OTEL_EXPORTER_OTLP_ENDPOINT = "http://otel-collector:4317"
OTEL_SERVICE_NAME = var.function_name
OTEL_TRACES_EXPORTER = "otlp"
OTEL_METRICS_EXPORTER = "otlp"
OTEL_LOGS_EXPORTER = "logging"
Metrics and traces are exported using the OLTP protocol to http://otel-collector:4317. This endpoint identifies the otel-collector service and the 4317 port is dedicated to the OLTP messages over gRPC. As for now, logs are just printed to stdout.
OpenTelemetry currently provides two ways to instrument Java code: manual and automatic instrumentation. Automatic instrumentation is very useful because it creates default metrics/spans for most popular libraries, like Spring or AWS calls. As for AWS, it creates a span (or trace if there is no parent trace) for each AWS service called. To enable automatic instrumentation, specify the following Java Agent, that must be included in the Lambda Function archive:
-javaagent:/var/task/lib/aws-opentelemetry-agent-1.32.0.jar
Another approach for automatic instrumentation is to use special annotation: each API method defines its own parent span through the @WithSpan
annotation.

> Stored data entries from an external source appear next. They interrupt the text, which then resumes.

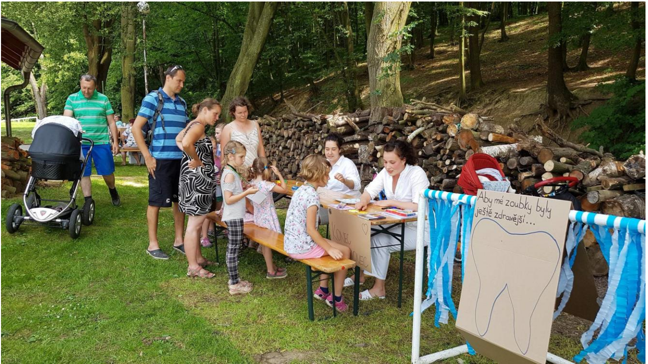
Kontrola znalostí ze zdravé výživy.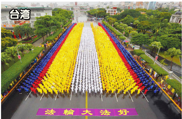
2012 年 11 月 17 日，6000 名法轮功学员在总统府前炼功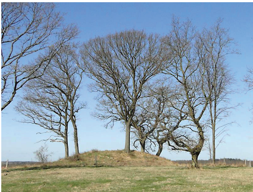
Ryget skov og Baunesletten med udsigt over Farum Sø

Turen starter fra P-pladsen beliggende efter viadukten på Bavnstedets forlængelse (1) . Bavnstedet følges igennem Baunegaarden (2) , og i fortsættelse af denne vejføring, når man ud til den lille bådebro ved Farum sø (3) , hvor man blandt andet kan se øen Klaus Nars Holm samt Farumgaard og Farum Kirke på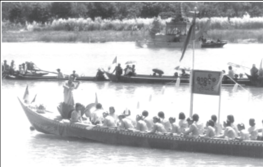
ဇူလိုင်လ ပျဉ်းမပင်မှ ရွှေကျင်လေ့လာ ကုမ္ပဏီပြိုင်ပွဲ ဤသို့ကျင်းပခဲ့ကြသည်။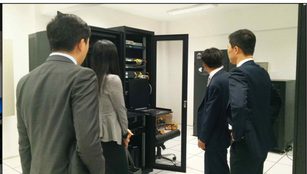
▲ ATMS센터 운영점검 2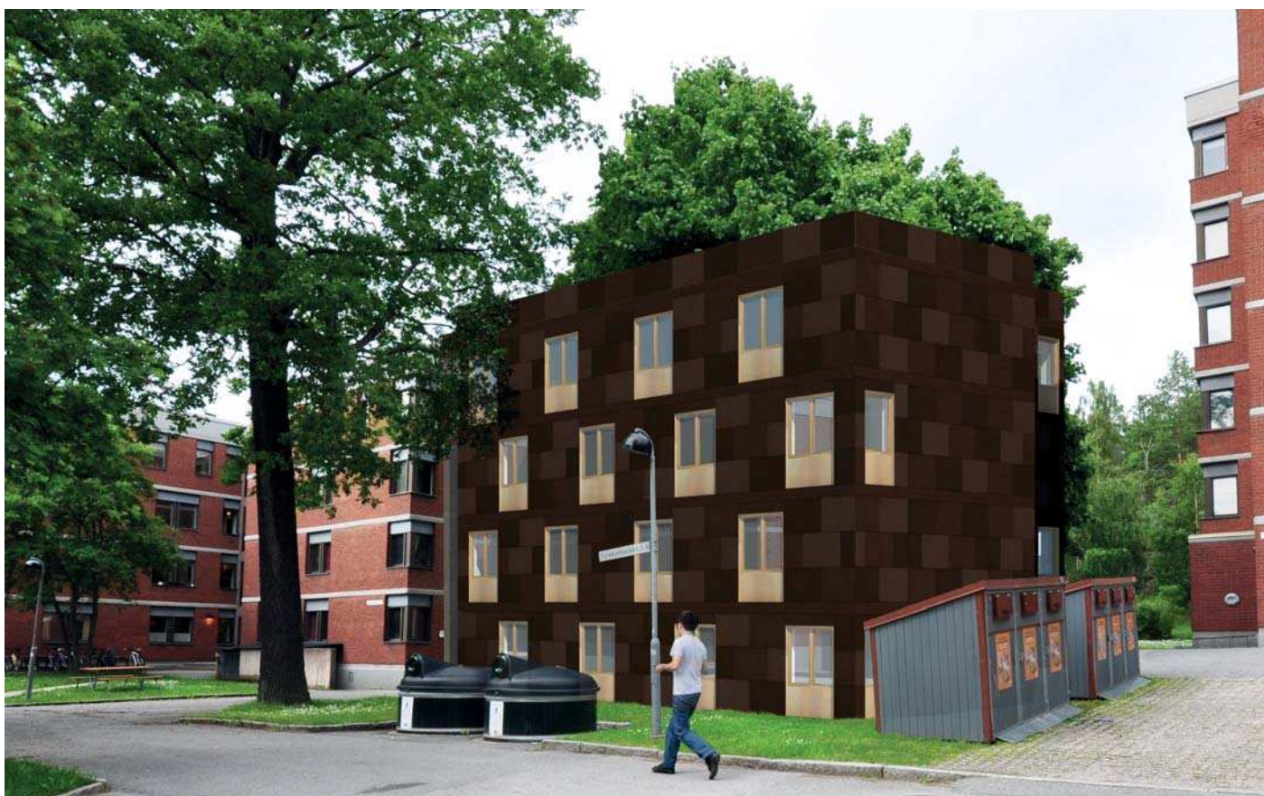
Vy 3, Hus 1:2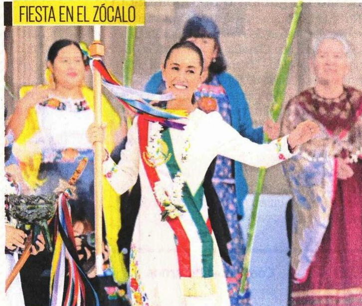
La Presidenta recibió el bastón de mando a nombre de 113 mujeres de las 70 etnias del país, el cual representa el poder comunal.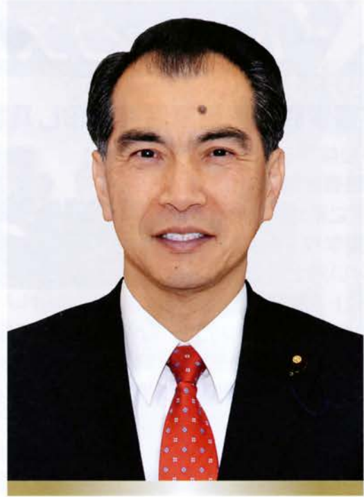
公明党横浜市議員団政務調査会 旭代表 横浜市議員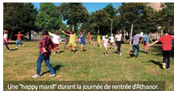
Une "happy manif" durant la journée de rentrée d'Athamor.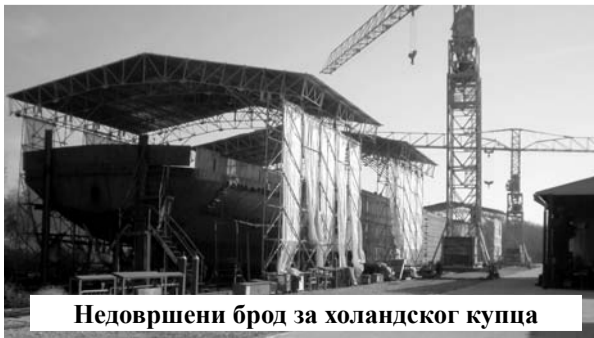
Недовршени брод за холандског купца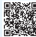
強積金計劃說明書

principal.com.hk/sites/default/files/general-files/S800_C.pdf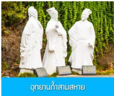
อุทยานถ้ำสามสหาย

พักที่ XIA ZHOU BINGUAN HOTEL โรงแรมระดับ 4 ดาวหรือเทียบเท่าใจกลางเมืองหยีชาง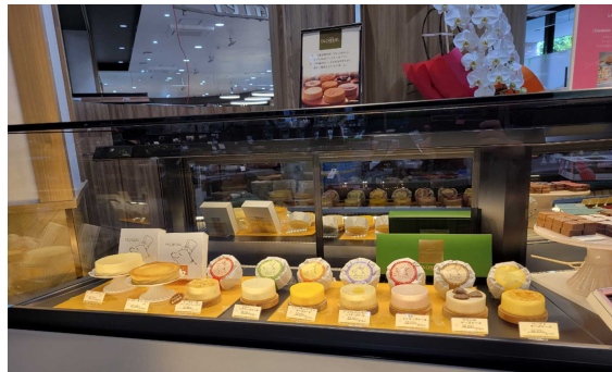
60DAYS ミルクのショコラ、ヴァイスバーレンのショコラ、D's チーズのチーズケーキ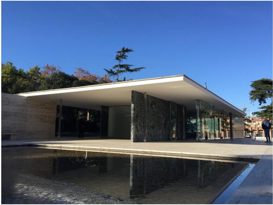
巴塞隆納 Mies 德國館，現場見識到材料與構造搭配之美

The API input is passed as a parameter to the span using the @SpanAttribute("input")
annotation.
Manual instrumentation offers many more customizations, but it is also more difficult to configure. In this project, there is also an example of manual instrumentations: a Meter
that produces a metric for the duration of the target methods. These methods are annotated with @WithMeasuredExecutionTime
and the logic that sends the metric values to the collector is located in an AspectJ aspect. This aspect is woven at post-compile time thanks to the Gradle plugin for AspectJ.
Grafana is used to analyze the metrics and traces exported to Prometheus and Jaeger, respectively. It is a very flexible tool because it provides a unique interface to analyze the observability signals; it can also be provision with dashboards and data sources. In this project, the data source provisioning consists of a YAML file containing the parameters necessary to connect to the corresponding data sources (see default.yml). Dashboards are provisioned using JSON files. prometheus_api_metrics.json
contains some panels for the API average execution time.
There are two pipelines:
- Feature branch pipeline: the project is built and tests are run. If the
INTEGRATION_TESTS_ENABLED
variable is set, then the tests with Localstack are executed, otherwise they are disabled. After that, the test coverage is generated and published as an artifact. The HTML for the Github Pages is generated too and published as an artifact. - Main branch pipeline: the previous pipeline is executed, the artifact for the Github Pages is downloaded and deployed. The HTML is created in the previous pipeline in order to avoid the project checkout in this pipeline as well.